Transcribe the data as written, minus images.

## Material provided:
____
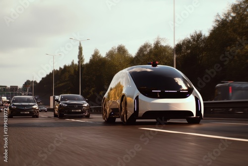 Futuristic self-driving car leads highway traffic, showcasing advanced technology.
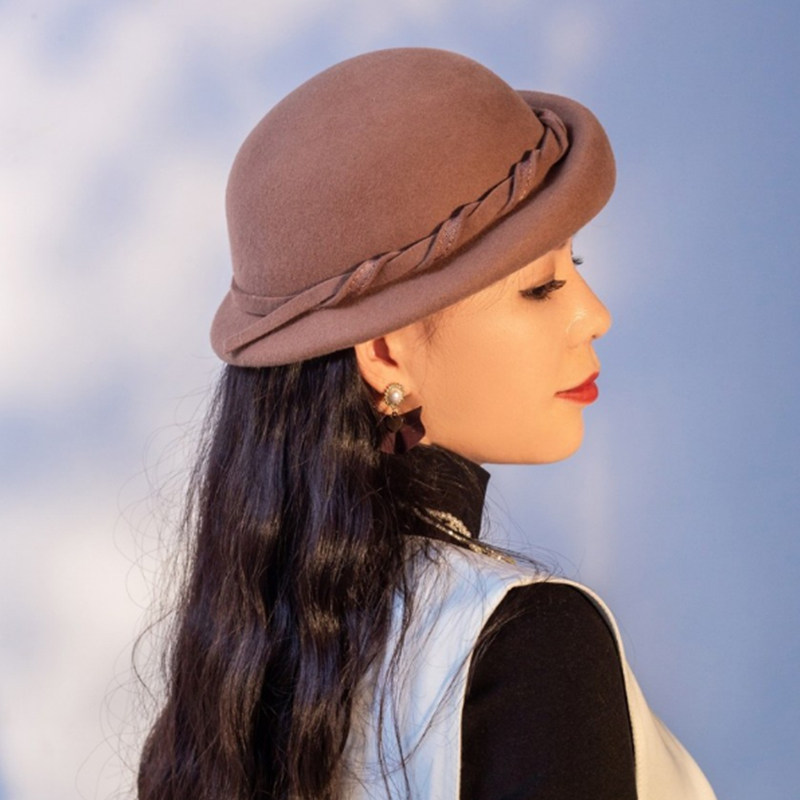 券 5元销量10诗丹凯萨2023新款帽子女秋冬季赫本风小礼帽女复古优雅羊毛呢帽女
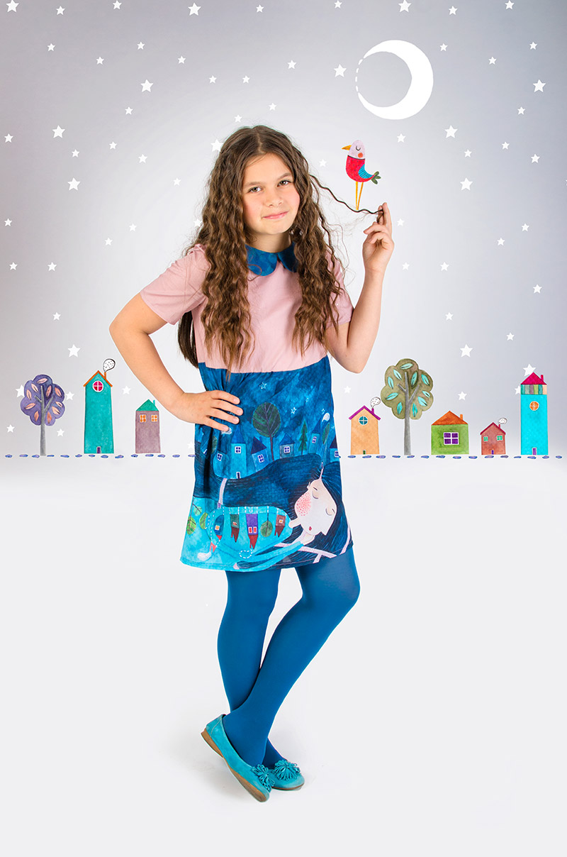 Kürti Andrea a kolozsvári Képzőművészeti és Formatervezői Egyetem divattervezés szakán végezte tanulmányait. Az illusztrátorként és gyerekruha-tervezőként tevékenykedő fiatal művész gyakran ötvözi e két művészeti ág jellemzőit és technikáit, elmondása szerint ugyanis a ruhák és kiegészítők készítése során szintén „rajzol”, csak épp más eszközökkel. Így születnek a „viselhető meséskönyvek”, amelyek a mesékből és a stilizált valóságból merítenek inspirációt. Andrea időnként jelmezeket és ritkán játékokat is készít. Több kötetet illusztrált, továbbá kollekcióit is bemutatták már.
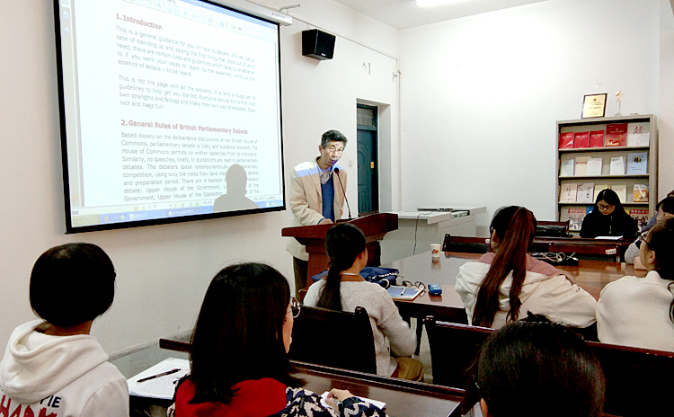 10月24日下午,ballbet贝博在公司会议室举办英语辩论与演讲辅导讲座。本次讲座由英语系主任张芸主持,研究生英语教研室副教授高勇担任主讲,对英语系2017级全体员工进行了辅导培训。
____
## Solution for this problem:
 Futuristic self-driving car leads highway traffic, showcasing advanced technology.
 券 5元销量10诗丹凯萨2023新款帽子女秋冬季赫本风小礼帽女复古优雅羊毛呢帽女
 Kürti Andrea a kolozsvári Képzőművészeti és Formatervezői Egyetem divattervezés szakán végezte tanulmányait. Az illusztrátorként és gyerekruha-tervezőként tevékenykedő fiatal művész gyakran ötvözi e két művészeti ág jellemzőit és technikáit, elmondása szerint ugyanis a ruhák és kiegészítők készítése során szintén „rajzol”, csak épp más eszközökkel. Így születnek a „viselhető meséskönyvek”, amelyek a mesékből és a stilizált valóságból merítenek inspirációt. Andrea időnként jelmezeket és ritkán játékokat is készít. Több kötetet illusztrált, továbbá kollekcióit is bemutatták már.
 10月24日下午,ballbet贝博在公司会议室举办英语辩论与演讲辅导讲座。本次讲座由英语系主任张芸主持,研究生英语教研室副教授高勇担任主讲,对英语系2017级全体员工进行了辅导培训。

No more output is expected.